→ **PROBLEM STATEMENT**: The lines to return are those below that contain the word "with".

→ **THE DATA**:
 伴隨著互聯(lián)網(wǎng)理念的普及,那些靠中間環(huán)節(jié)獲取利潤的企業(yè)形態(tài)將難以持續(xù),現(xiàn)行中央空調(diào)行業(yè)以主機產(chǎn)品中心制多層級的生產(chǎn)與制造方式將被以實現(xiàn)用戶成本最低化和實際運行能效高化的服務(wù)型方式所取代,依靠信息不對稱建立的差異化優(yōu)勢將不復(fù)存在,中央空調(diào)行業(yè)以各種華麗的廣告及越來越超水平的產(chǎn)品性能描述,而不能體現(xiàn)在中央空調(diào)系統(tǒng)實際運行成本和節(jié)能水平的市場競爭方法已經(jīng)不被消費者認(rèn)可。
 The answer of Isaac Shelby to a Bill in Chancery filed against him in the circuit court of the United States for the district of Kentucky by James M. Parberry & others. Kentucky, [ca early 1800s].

==

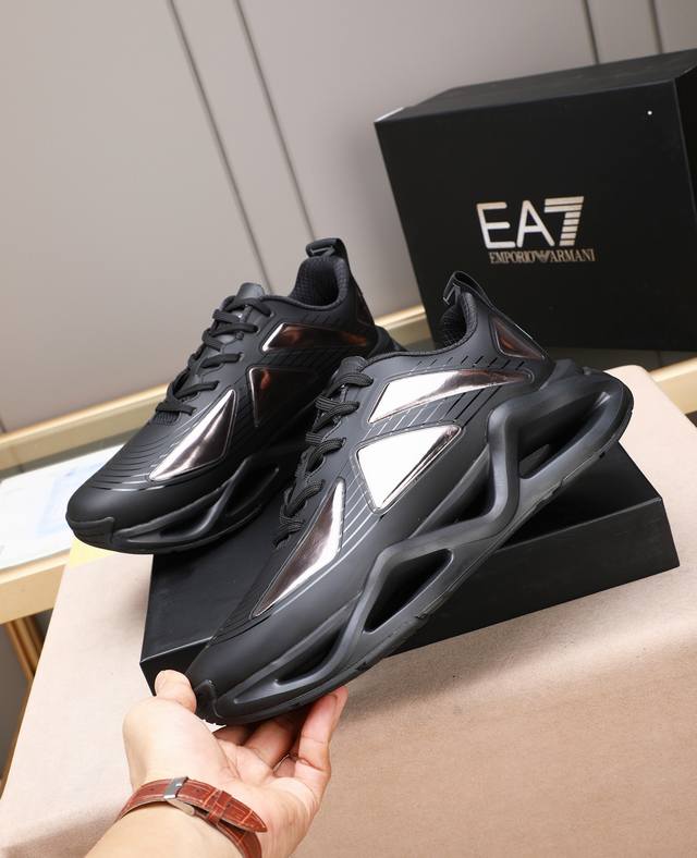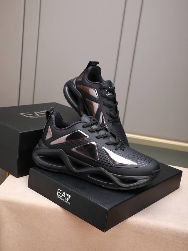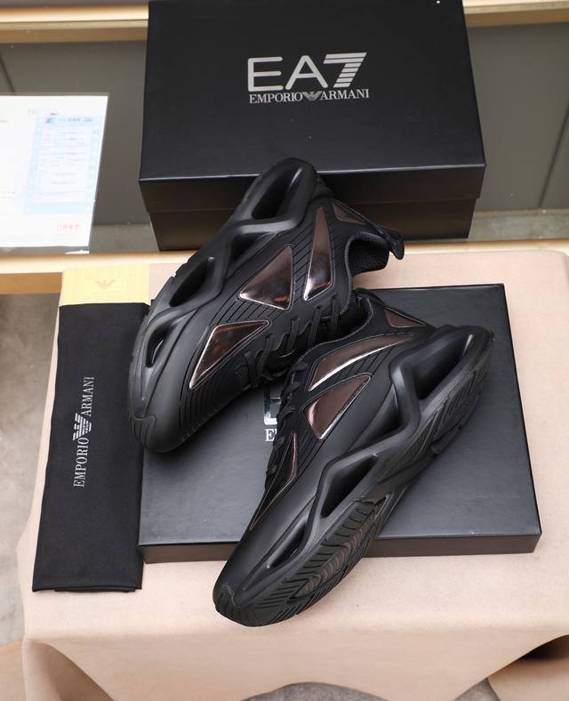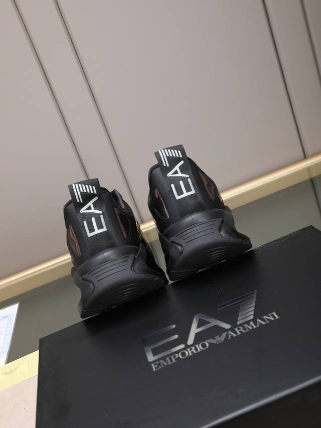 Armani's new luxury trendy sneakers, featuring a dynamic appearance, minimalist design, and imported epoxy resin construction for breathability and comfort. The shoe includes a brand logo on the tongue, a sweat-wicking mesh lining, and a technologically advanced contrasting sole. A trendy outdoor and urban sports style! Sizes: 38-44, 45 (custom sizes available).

---

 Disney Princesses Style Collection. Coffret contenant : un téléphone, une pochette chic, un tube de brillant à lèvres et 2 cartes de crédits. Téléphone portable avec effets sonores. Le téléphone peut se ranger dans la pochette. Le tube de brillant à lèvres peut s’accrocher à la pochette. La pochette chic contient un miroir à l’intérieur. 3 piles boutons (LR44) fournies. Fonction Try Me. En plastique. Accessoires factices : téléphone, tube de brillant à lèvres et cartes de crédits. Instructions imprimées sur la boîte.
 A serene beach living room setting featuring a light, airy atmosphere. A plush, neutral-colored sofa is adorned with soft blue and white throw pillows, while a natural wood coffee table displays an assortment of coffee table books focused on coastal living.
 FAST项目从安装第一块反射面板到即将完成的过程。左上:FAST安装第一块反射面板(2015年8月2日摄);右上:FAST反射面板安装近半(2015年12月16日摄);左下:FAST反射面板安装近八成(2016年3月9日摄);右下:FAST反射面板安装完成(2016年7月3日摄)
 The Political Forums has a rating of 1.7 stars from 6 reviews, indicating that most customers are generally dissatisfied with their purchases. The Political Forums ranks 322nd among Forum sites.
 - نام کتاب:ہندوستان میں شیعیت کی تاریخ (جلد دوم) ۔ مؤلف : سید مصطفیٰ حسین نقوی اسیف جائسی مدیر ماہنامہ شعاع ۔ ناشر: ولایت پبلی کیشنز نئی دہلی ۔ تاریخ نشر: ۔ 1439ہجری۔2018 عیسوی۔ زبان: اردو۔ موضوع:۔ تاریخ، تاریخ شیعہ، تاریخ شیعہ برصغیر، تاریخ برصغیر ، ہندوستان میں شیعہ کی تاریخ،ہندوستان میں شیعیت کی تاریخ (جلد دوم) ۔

→ **ANSWER AREA**:
 A serene beach living room setting featuring a light, airy atmosphere. A plush, neutral-colored sofa is adorned with soft blue and white throw pillows, while a natural wood coffee table displays an assortment of coffee table books focused on coastal living.
 The Political Forums has a rating of 1.7 stars from 6 reviews, indicating that most customers are generally dissatisfied with their purchases. The Political Forums ranks 322nd among Forum sites.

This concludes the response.